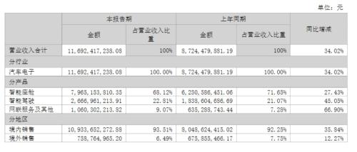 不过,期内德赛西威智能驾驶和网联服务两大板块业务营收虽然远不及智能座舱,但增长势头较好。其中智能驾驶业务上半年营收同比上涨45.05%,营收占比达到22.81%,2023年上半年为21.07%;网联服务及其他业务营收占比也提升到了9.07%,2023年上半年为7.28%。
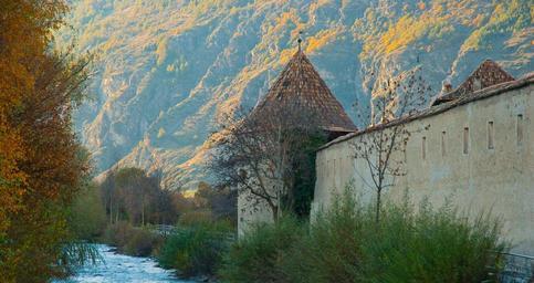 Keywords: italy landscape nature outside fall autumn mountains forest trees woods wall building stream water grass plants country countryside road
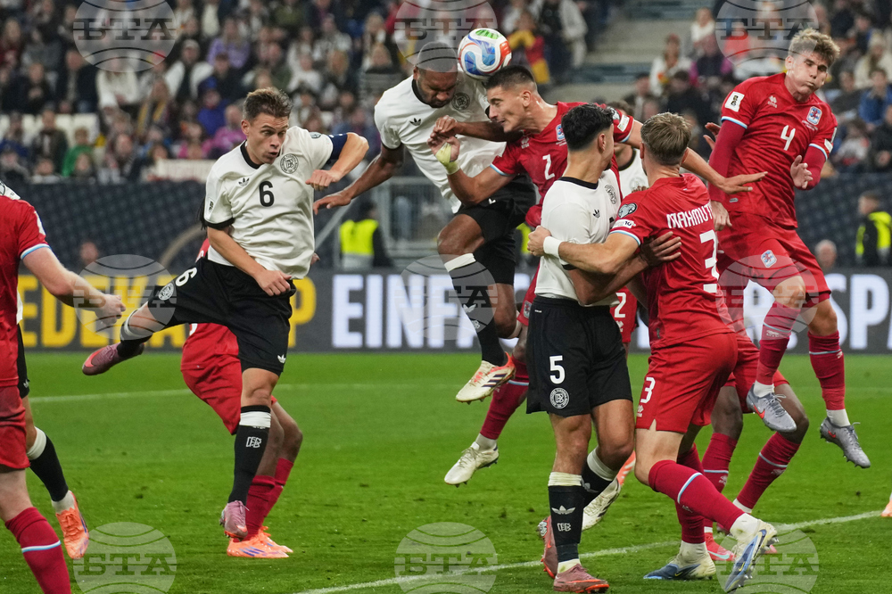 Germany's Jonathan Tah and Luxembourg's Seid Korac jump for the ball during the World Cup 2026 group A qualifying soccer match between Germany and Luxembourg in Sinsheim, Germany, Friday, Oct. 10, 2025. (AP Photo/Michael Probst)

**Brief**
Copy exactly the lines from the line that holds "Keywords: italy landscape" to the end of the listing, both included. Leave the pictures out.

**Task output**
 Keywords: italy landscape nature outside fall autumn mountains forest trees woods wall building stream water grass plants country countryside road
 Germany's Jonathan Tah and Luxembourg's Seid Korac jump for the ball during the World Cup 2026 group A qualifying soccer match between Germany and Luxembourg in Sinsheim, Germany, Friday, Oct. 10, 2025. (AP Photo/Michael Probst)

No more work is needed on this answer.